:: Source material ::
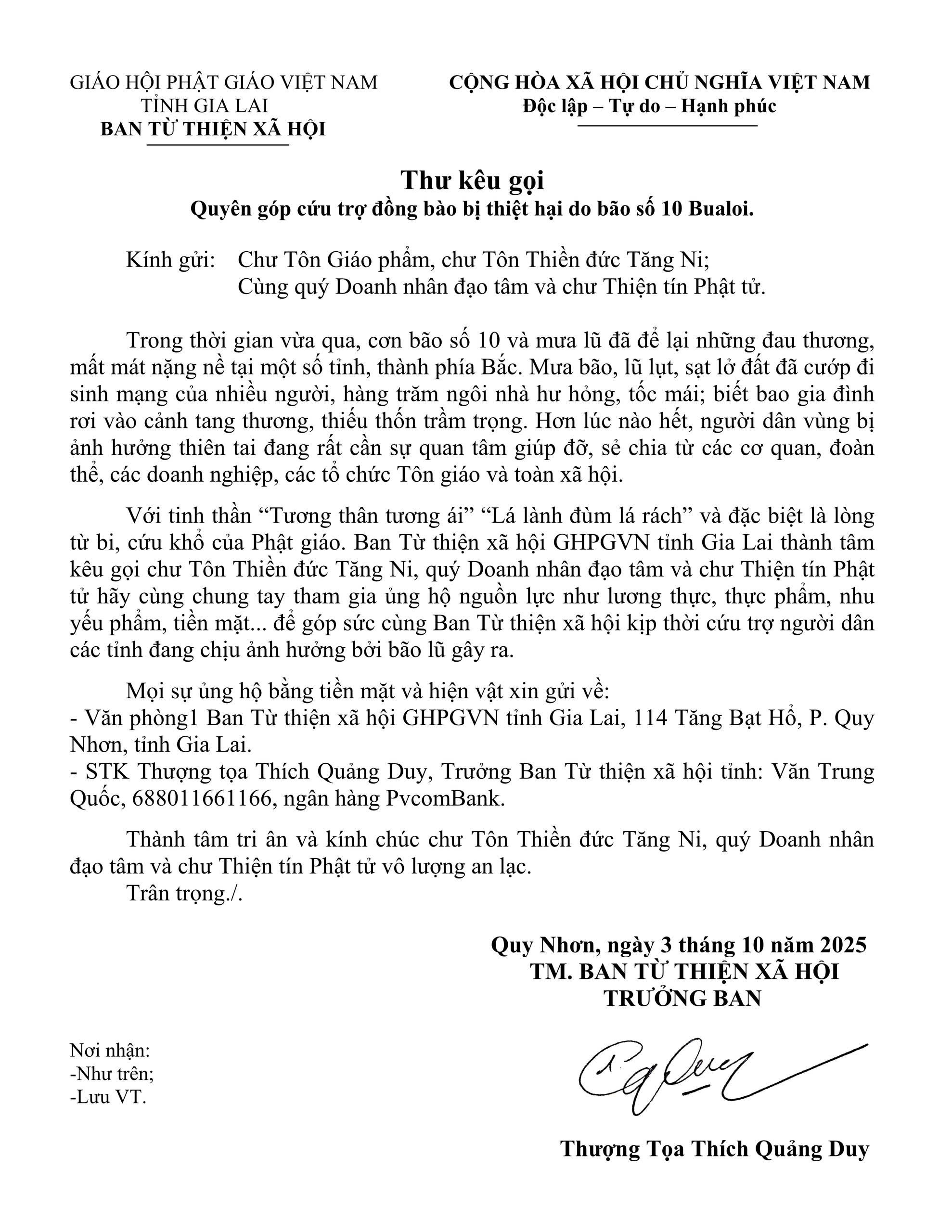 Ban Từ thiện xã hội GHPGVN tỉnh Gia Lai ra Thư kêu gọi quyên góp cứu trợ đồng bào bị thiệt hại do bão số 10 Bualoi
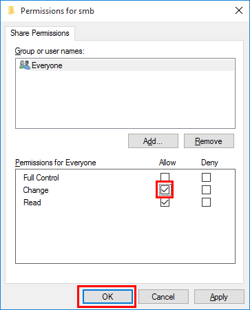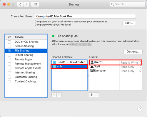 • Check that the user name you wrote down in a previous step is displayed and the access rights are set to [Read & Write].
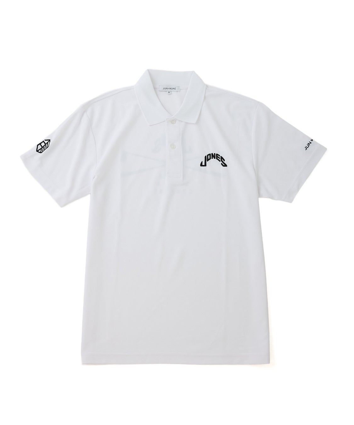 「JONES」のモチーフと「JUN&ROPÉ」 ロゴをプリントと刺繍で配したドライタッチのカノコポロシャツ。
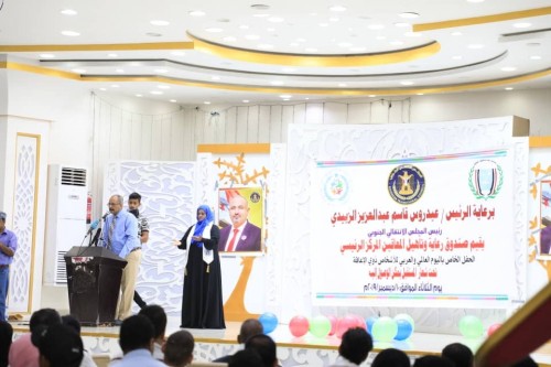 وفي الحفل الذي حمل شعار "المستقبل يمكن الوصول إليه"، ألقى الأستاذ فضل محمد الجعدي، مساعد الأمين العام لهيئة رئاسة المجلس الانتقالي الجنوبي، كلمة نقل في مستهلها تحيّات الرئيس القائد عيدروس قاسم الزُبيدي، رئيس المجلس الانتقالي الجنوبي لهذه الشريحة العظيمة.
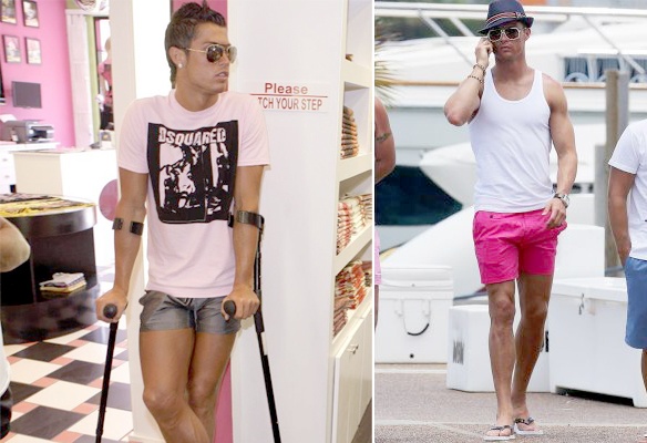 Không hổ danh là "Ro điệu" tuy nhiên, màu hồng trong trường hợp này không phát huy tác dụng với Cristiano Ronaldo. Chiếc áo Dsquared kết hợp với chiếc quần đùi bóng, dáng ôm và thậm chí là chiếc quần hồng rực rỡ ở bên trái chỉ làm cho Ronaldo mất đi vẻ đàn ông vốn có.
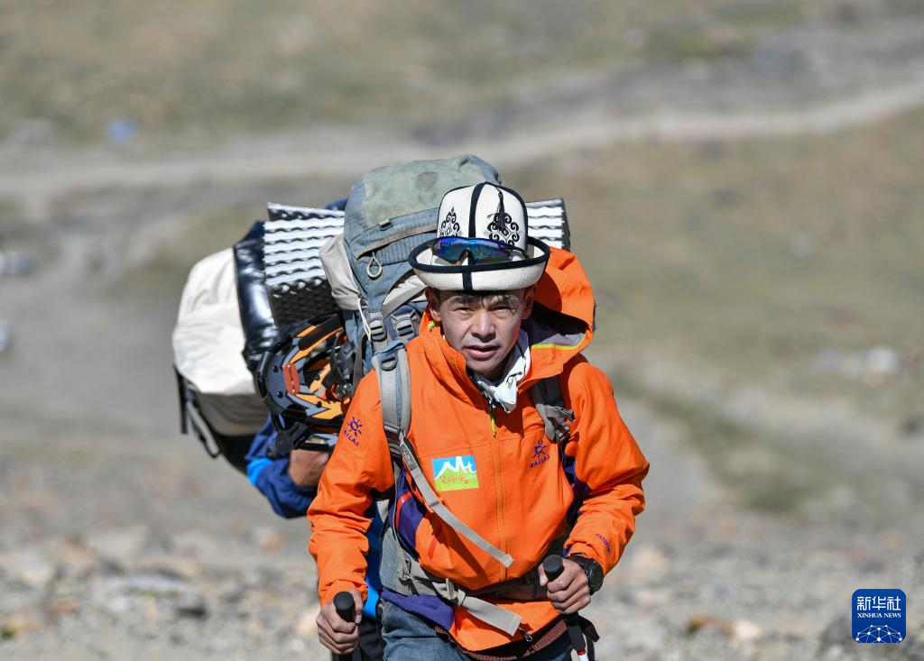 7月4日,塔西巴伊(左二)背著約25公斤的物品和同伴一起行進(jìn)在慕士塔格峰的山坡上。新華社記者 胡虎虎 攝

:: Work to be completed ::
Word for word, restate each line above, minus its pictures.

:: Task result ::
 Ban Từ thiện xã hội GHPGVN tỉnh Gia Lai ra Thư kêu gọi quyên góp cứu trợ đồng bào bị thiệt hại do bão số 10 Bualoi
 • Check that the user name you wrote down in a previous step is displayed and the access rights are set to [Read & Write].
 「JONES」のモチーフと「JUN&ROPÉ」 ロゴをプリントと刺繍で配したドライタッチのカノコポロシャツ。
 وفي الحفل الذي حمل شعار "المستقبل يمكن الوصول إليه"، ألقى الأستاذ فضل محمد الجعدي، مساعد الأمين العام لهيئة رئاسة المجلس الانتقالي الجنوبي، كلمة نقل في مستهلها تحيّات الرئيس القائد عيدروس قاسم الزُبيدي، رئيس المجلس الانتقالي الجنوبي لهذه الشريحة العظيمة.
 Không hổ danh là "Ro điệu" tuy nhiên, màu hồng trong trường hợp này không phát huy tác dụng với Cristiano Ronaldo. Chiếc áo Dsquared kết hợp với chiếc quần đùi bóng, dáng ôm và thậm chí là chiếc quần hồng rực rỡ ở bên trái chỉ làm cho Ronaldo mất đi vẻ đàn ông vốn có.
 7月4日,塔西巴伊(左二)背著約25公斤的物品和同伴一起行進(jìn)在慕士塔格峰的山坡上。新華社記者 胡虎虎 攝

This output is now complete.